● Task item: Below is a listing with pictures in it; transcribe exactly the lines from the one that has "Плакат с животными, панда, слон, холст, принт" through the one that has "Além disso, a", and omit those pictures.

● Given records:
---+---
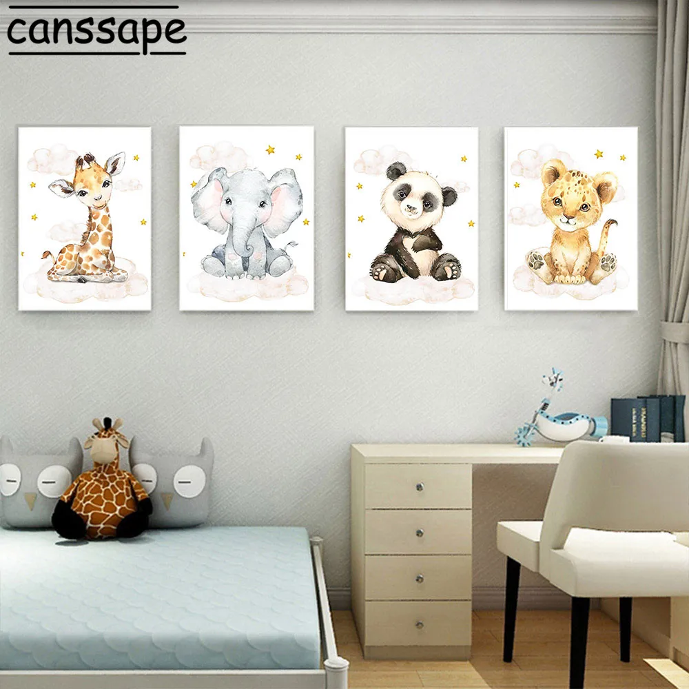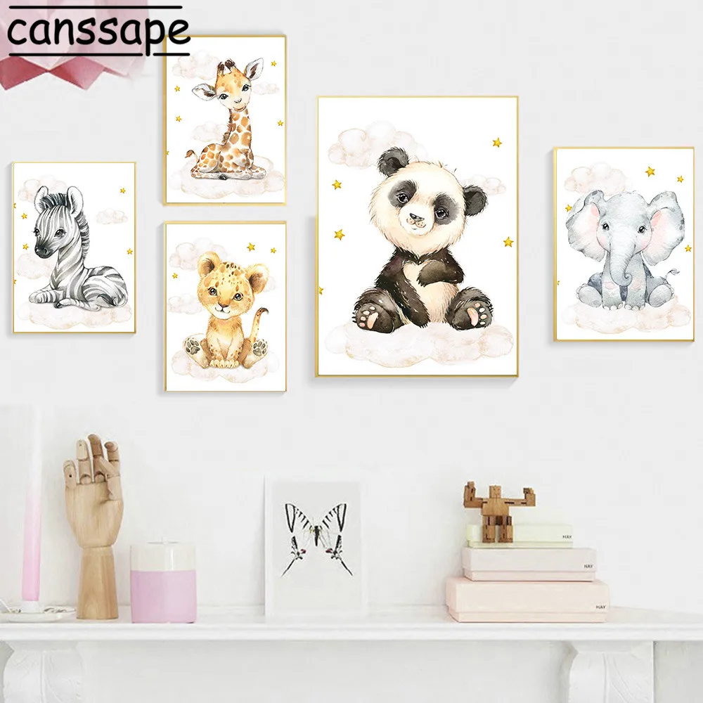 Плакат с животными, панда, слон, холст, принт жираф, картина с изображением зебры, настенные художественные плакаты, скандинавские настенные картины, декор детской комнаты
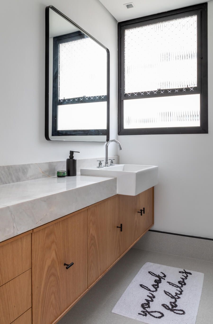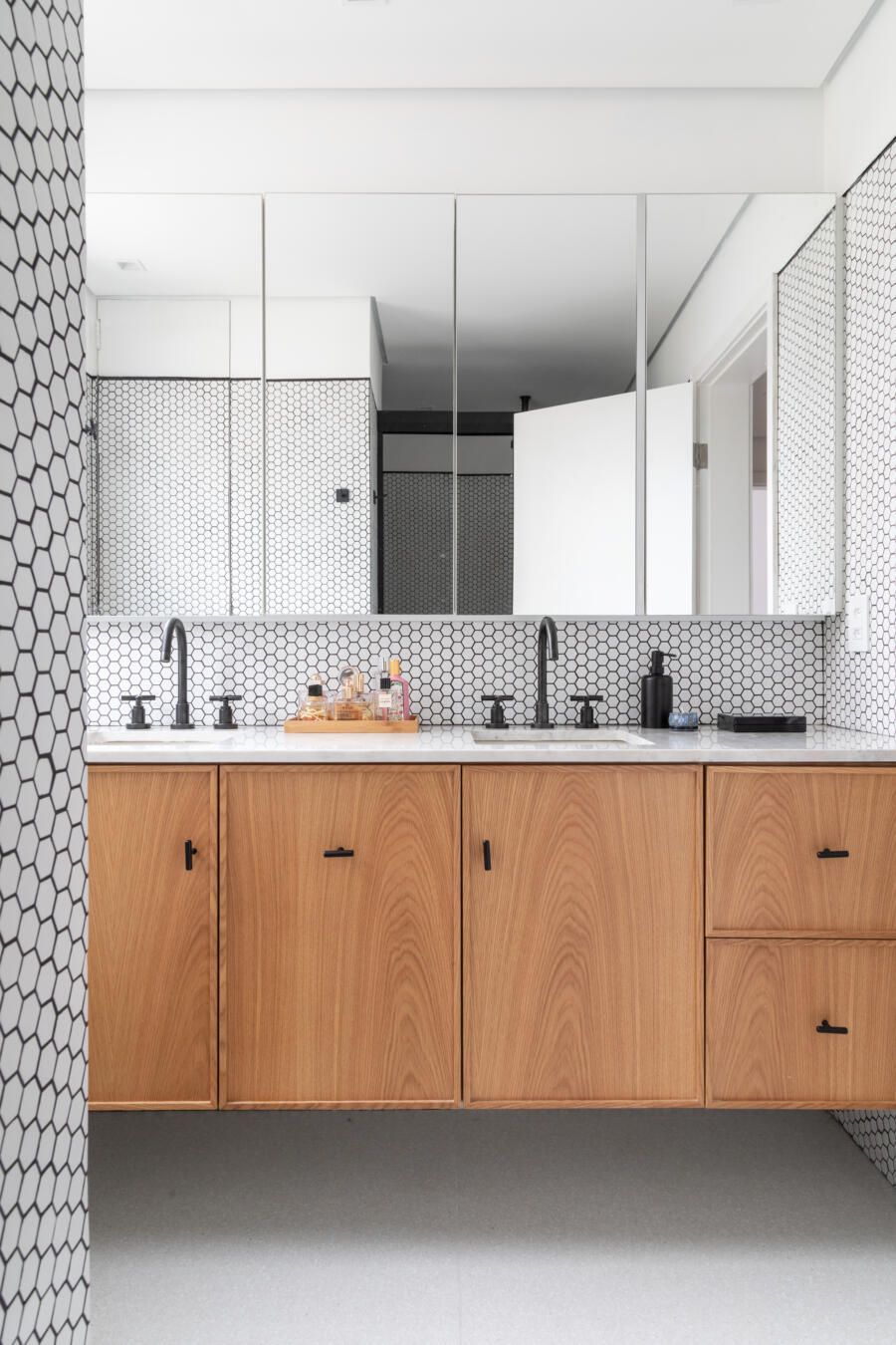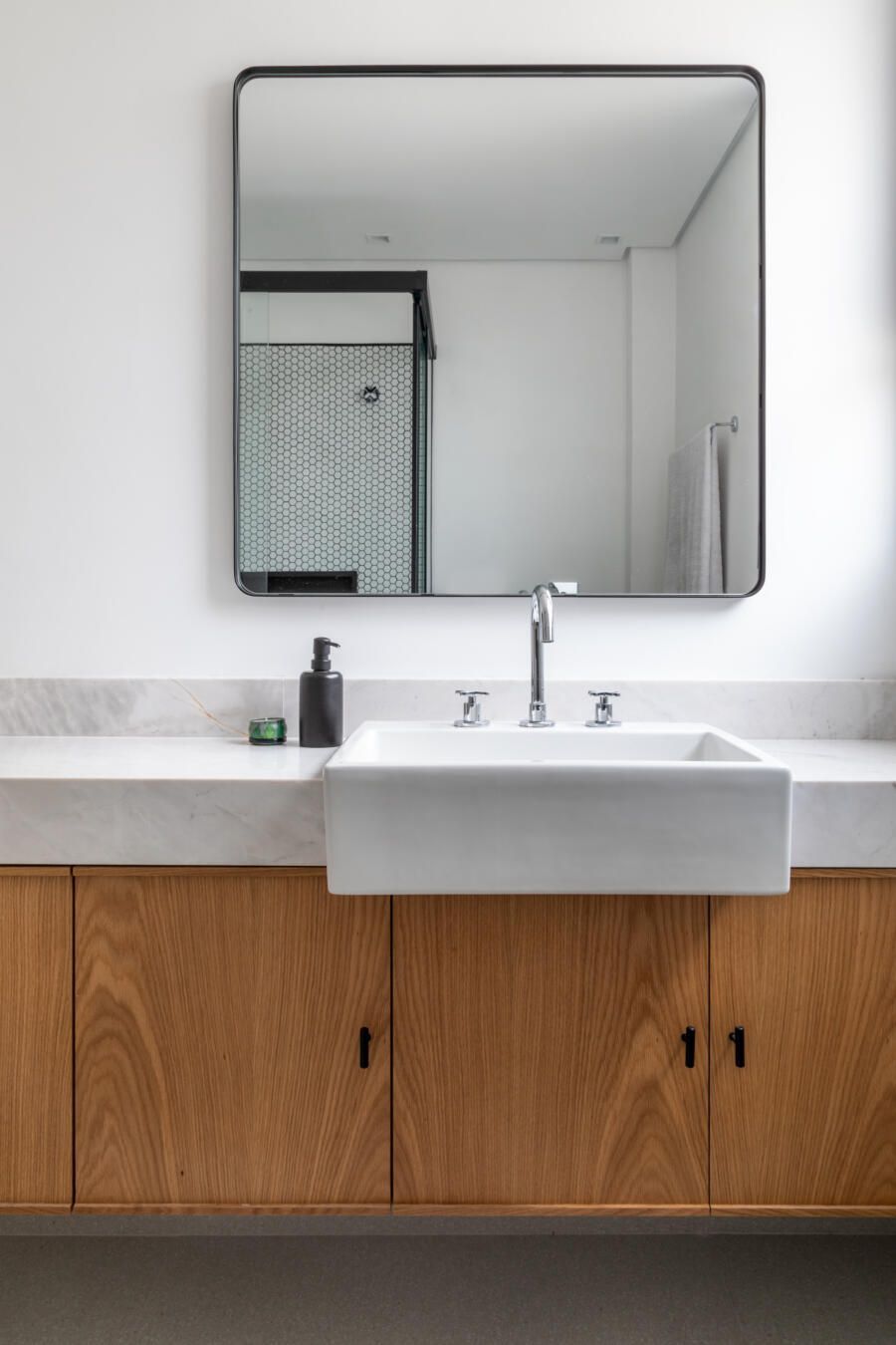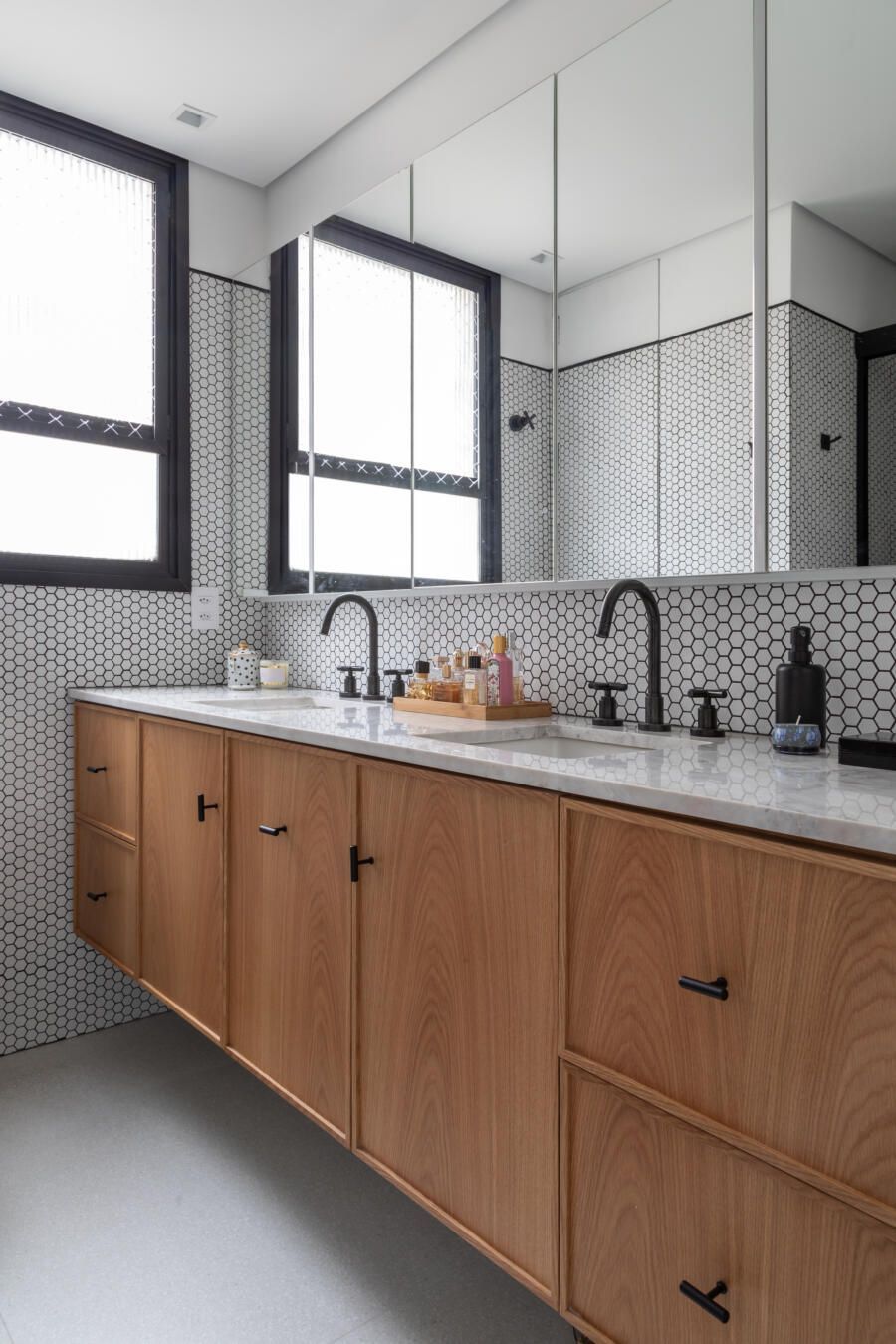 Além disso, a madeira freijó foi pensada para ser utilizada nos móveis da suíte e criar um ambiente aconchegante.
---+---
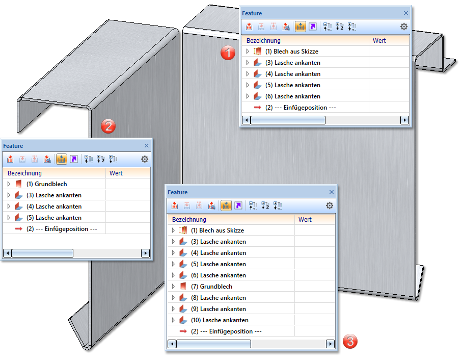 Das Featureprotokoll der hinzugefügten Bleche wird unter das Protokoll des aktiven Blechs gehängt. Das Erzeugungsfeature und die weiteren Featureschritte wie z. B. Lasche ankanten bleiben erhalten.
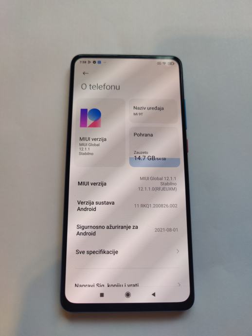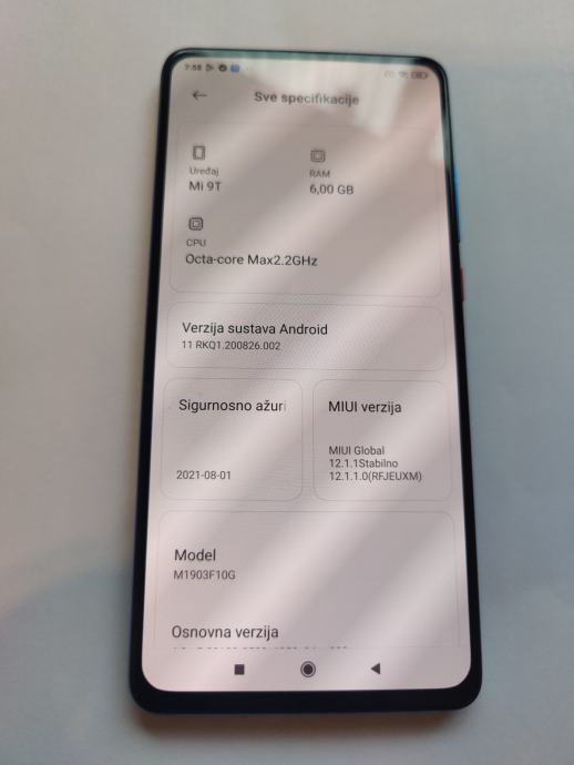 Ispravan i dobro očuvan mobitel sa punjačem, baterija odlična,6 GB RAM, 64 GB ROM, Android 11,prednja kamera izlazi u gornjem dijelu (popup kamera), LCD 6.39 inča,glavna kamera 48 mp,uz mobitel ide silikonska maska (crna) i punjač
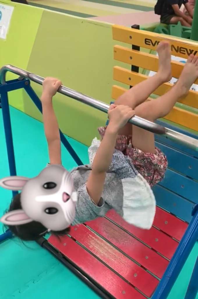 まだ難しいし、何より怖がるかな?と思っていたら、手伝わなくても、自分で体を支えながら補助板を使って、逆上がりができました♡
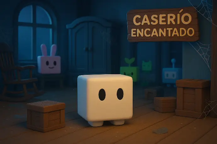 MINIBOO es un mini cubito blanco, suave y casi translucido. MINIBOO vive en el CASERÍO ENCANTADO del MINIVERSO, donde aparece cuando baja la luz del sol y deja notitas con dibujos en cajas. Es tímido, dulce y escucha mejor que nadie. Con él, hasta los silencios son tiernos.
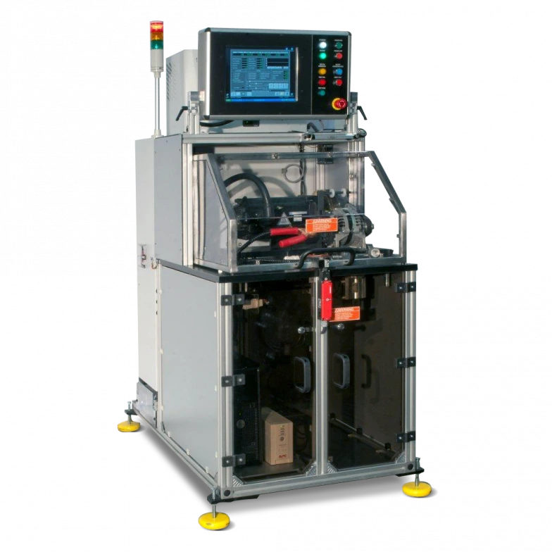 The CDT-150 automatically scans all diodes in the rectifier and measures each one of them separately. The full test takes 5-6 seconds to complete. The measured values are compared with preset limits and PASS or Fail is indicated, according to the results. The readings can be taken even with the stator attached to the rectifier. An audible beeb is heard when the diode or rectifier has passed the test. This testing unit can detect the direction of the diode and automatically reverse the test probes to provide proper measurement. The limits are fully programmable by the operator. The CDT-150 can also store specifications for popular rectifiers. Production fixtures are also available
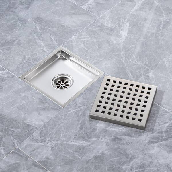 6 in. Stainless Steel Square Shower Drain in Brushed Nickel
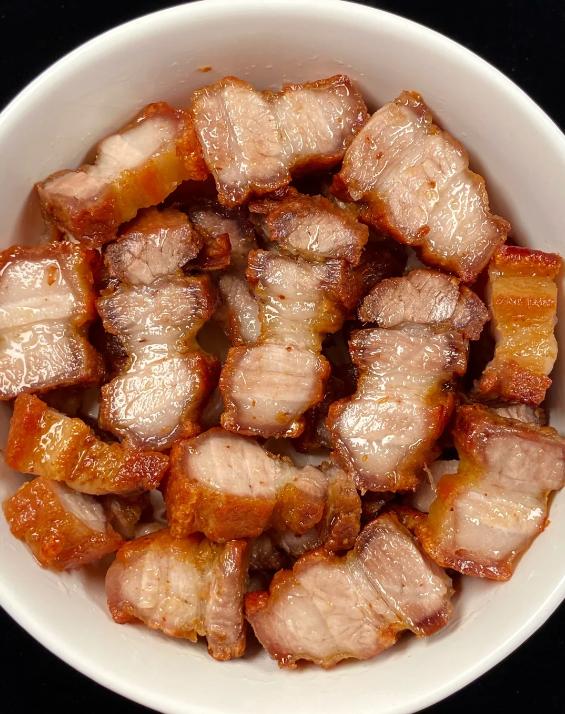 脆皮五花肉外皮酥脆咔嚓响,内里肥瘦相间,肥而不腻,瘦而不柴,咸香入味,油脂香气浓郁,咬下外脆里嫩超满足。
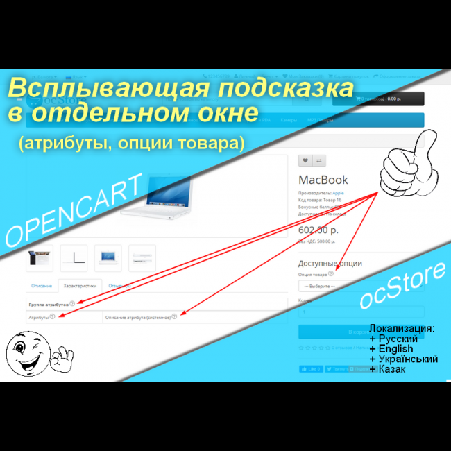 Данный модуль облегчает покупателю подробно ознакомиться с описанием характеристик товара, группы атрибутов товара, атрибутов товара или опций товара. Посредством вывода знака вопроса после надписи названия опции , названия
---+---
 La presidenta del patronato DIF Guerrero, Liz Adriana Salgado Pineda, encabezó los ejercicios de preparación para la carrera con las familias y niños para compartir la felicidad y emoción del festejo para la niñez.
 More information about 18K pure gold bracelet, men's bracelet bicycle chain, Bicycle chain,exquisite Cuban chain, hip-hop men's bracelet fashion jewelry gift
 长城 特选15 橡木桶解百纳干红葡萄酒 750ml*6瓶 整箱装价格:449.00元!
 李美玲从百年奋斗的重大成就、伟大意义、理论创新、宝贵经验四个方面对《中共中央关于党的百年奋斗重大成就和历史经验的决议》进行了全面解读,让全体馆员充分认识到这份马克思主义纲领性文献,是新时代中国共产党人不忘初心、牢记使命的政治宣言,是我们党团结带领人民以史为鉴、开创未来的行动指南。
---+---
● Response to this task:
 Плакат с животными, панда, слон, холст, принт жираф, картина с изображением зебры, настенные художественные плакаты, скандинавские настенные картины, декор детской комнаты
 Além disso, a madeira freijó foi pensada para ser utilizada nos móveis da suíte e criar um ambiente aconchegante.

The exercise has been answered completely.